I have a MySQL table that is constantly updated every hour. Given an existing MySQL table below:
date time price
11/6/2019 7:10 4.56
11/6/2019 7:15 5.01
11/6/2019 7:20 4.87
11/6/2019 7:25 4.54
Two questions:
How can I avoid inserting duplicate rows if there is another entry on 11/6/2019 at 7:25 with the same 4.54 price?
How can I insert the latest price if there is a new insert entry for 11/6/2019 at 7:25 with the latest price of 5.02? (this latest entry, same date/time but different price will replace the existing)
I am new to MySQL and I tried Googling but am unable to find any clear answers - it is making me more confused rather. It seems like in this case, using primary key/unique key is not an option.

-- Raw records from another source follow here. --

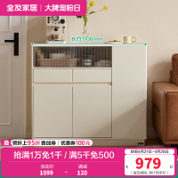 全友家居奶油风靠墙收纳储物玄关柜客厅隔断小吧台置物柜子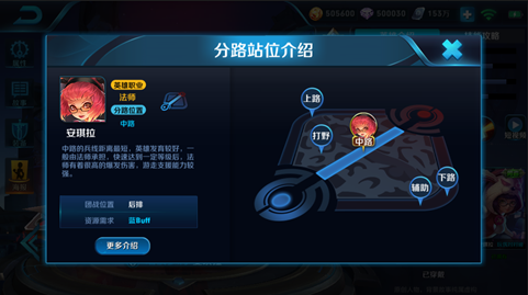 点击英雄“位置”按钮,可以看到更多该英雄分路站位的介绍,包括:分路位置、团战位置和资源需求。通过这些信息,我们希望帮助玩家更快地上手英雄,在对战中更好地去配合。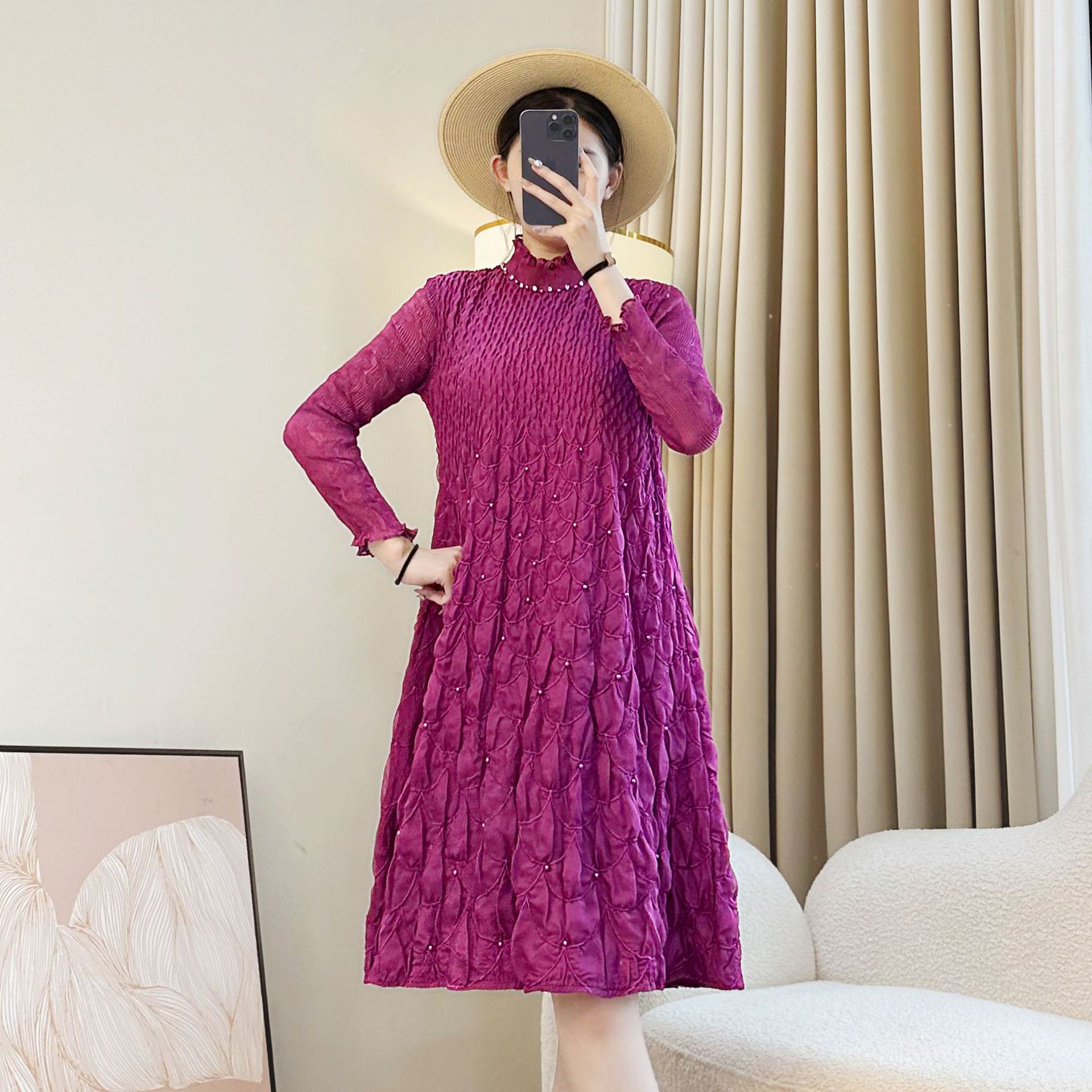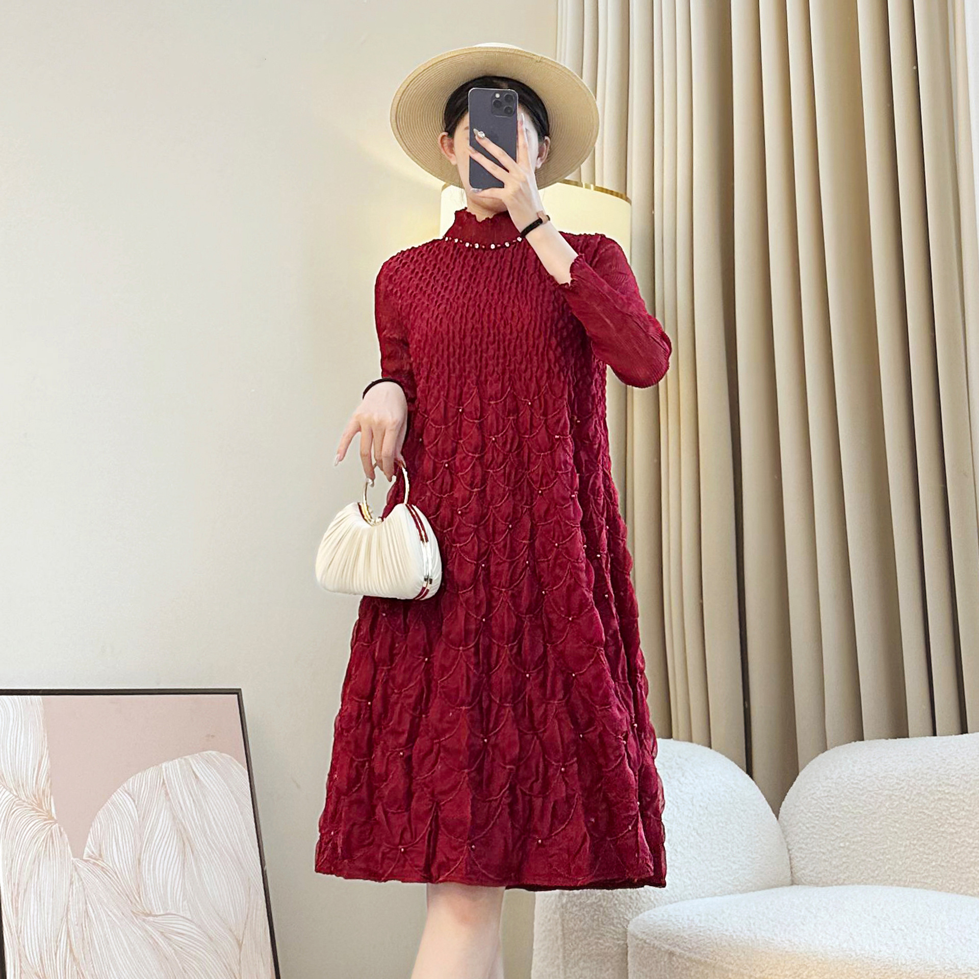 高级感秋装新款连衣裙女立领红色洋气妈妈大码优雅婚宴礼服裙

I am using Pandas/sqlalchemy/MySQLdb. My code is below
import pandas as pd
import numpy as np
import MySQLdb
from sqlalchemy import create_engine
df = pd.read_csv('summary_1.csv')
price_df = df[['date','time','price']]
engine = create_engine('mysql+mysqldb://root:python@localhost:3306/testdb2',
echo = False)
df.to_sql(name = 'price', con=engine, if_exists = 'append', index = True)
Anyone can enlighten me? Let me know if you need more information. Thank you!